EXERCISE AIM:
Leave every image out, and print the remaining lines below exactly.

EXTRACTED ENTRIES:
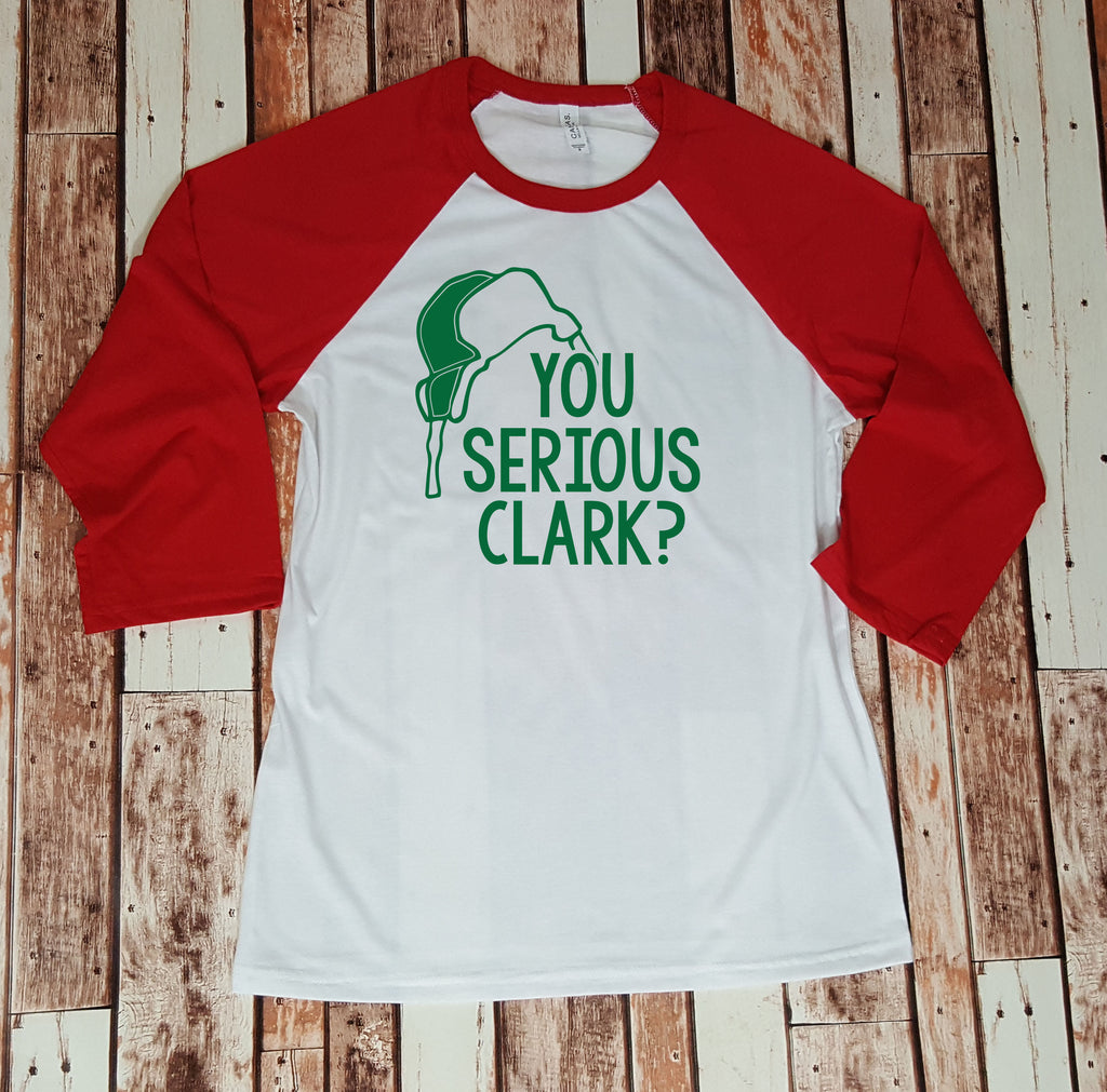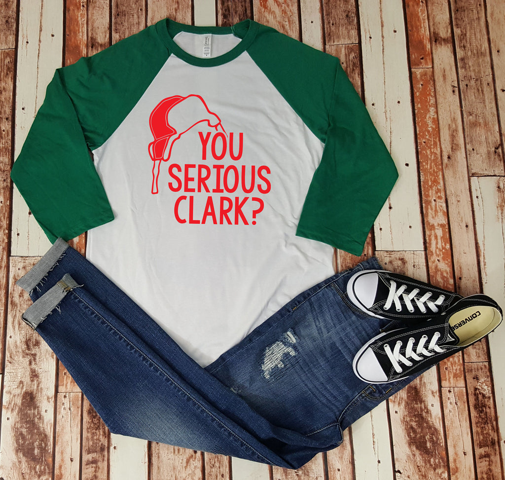 This listing is for (1) tri-blend baseball shirt, as seen in the pictures, that says: "You Serious Clark?" If you love Fall, and you love puns, you know what we're talking about!
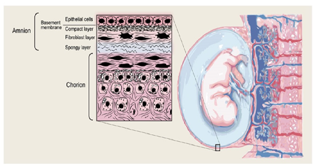 The membranes surrounding the fetus in the uterine cavity are the chorion and amnion. Even though these layers lie close to each other and are very thin, it would be incorrect to understand them as a biologically single layer. The functioning can be accurately understood only by considering them as a bilayer. The chorion is the outer vascular layer that faces the uterine cavity. Inside this lies the amnion, which is an avascular protective layer lining the amniotic fluid.5 The consensus states that the chorion plays a role as an immunological buffer. It stabilizes and prevents the breakdown of the amnion and keeps the fetus is an immune privileged site. The anion is the dominant layer that dictates the mechanical behaviour of the membrane and forms a protective barrier. The amniotic membrane is 0.02-0.05mm thick.1 It is made of a layer of ectodermal columnar cells that are attached to a mesenchymal basement layer with large amounts of collagen.6 On studying the amniotic membrane, it is evident that the ultrastructure has specialized to perform these functions of protection, secretion and intra and trans cellular transport.7
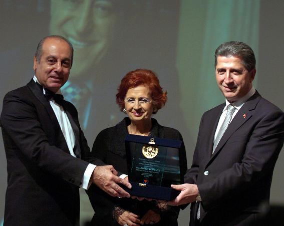 Türkan Sabancı, konuşmasını, eşinin yardımseverliğe atıfta bulunan ''Olma keser gibi rab bena hep bana, ol testere gibi bir sana bir bana'' sözüyle bitirdi.
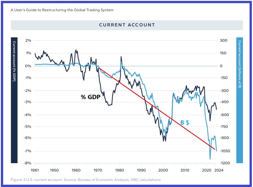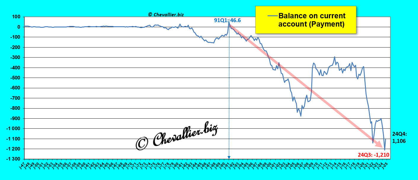 Indeed, the balance of current accounts (taken from the balance of payments) of the United States began to become in deficit after the first quarter of 1991, plunging deeply from 2020 to reach a low of… 1,210 billion dollars at the end of the third quarter of 2024!
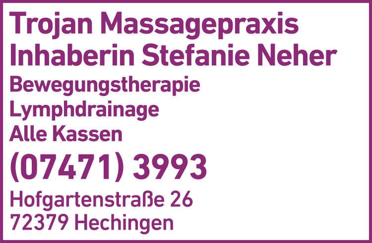 Die Adresse von Trojan Stefanie Massagepraxis, Nagelstudio lautet: Hofgartenstr. 26, 72379 Hechingen
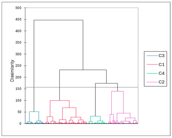 Dendrogram issued from the automatic classification (AHC) of the 278 adult Bactrian camels in Kazakhstan according to their body measurements. The four groups (namely C1 to C4) are represented by different colors.

RESPONSE TO THE EXERCISE:
 This listing is for (1) tri-blend baseball shirt, as seen in the pictures, that says: "You Serious Clark?" If you love Fall, and you love puns, you know what we're talking about!
 The membranes surrounding the fetus in the uterine cavity are the chorion and amnion. Even though these layers lie close to each other and are very thin, it would be incorrect to understand them as a biologically single layer. The functioning can be accurately understood only by considering them as a bilayer. The chorion is the outer vascular layer that faces the uterine cavity. Inside this lies the amnion, which is an avascular protective layer lining the amniotic fluid.5 The consensus states that the chorion plays a role as an immunological buffer. It stabilizes and prevents the breakdown of the amnion and keeps the fetus is an immune privileged site. The anion is the dominant layer that dictates the mechanical behaviour of the membrane and forms a protective barrier. The amniotic membrane is 0.02-0.05mm thick.1 It is made of a layer of ectodermal columnar cells that are attached to a mesenchymal basement layer with large amounts of collagen.6 On studying the amniotic membrane, it is evident that the ultrastructure has specialized to perform these functions of protection, secretion and intra and trans cellular transport.7
 Türkan Sabancı, konuşmasını, eşinin yardımseverliğe atıfta bulunan ''Olma keser gibi rab bena hep bana, ol testere gibi bir sana bir bana'' sözüyle bitirdi.
 Indeed, the balance of current accounts (taken from the balance of payments) of the United States began to become in deficit after the first quarter of 1991, plunging deeply from 2020 to reach a low of… 1,210 billion dollars at the end of the third quarter of 2024!
 Die Adresse von Trojan Stefanie Massagepraxis, Nagelstudio lautet: Hofgartenstr. 26, 72379 Hechingen
 Dendrogram issued from the automatic classification (AHC) of the 278 adult Bactrian camels in Kazakhstan according to their body measurements. The four groups (namely C1 to C4) are represented by different colors.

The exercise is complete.